Why you can compete with big retailers

The news today that John Lewis has announced its most prosperous Christmas sales season ever will come as a double-edged sword to many smaller retailers. Optimists hope it signals the loosening of consumer purse strings, a trend obviously much-desired for the year ahead. Others will begrudge the bitter pill of seeing yet another household name thrive while independents choke.

Size, you see, brings with it unique opportunities small business just can't afford: highly competitive pricing, a heavy assault of TV and print advertising, and the ability to offer so many product lines that a Christmas shopper needn't go anywhere else.

But size also brings cumbersomeness. British superstores may be able to bullishly dominate a space, but their leaner counterparts are more nimble. Small businesses aren't held back by the sludge of bureaucracy. It doesn't take them six months to finalise a decision on stocking a new product, or to do a special offer, or to react to a micro-trend.
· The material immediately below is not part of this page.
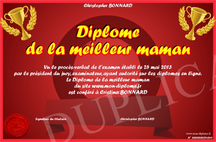 Envoyez par email votre Diplôme de la meilleur maman personalisé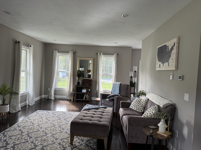 The windows in this space are everywhere and there’s a giant porch glass door that has no curtains on it, and the rest of the panes have some sheer curtains.

Small businesses can innovate and adopt something new in a day, an hour.

And small businesses have a face. How many John Lewis customers would recognise chairman Charlie Mayfield if he walked past them in the street? Do you think he knows even five of his clients' names? He's a fantastic retailer, granted. But you have an edge whose sharpness should not be underestimated. You are personal, caring, face-to-face and you can react to what your customers want immediately.

When you feel the sword of a big-name competitor slicing at your sides, use that impeccable customer service and innovativeness that only a small business is capable of to hold the fort and prove your fighting spirit.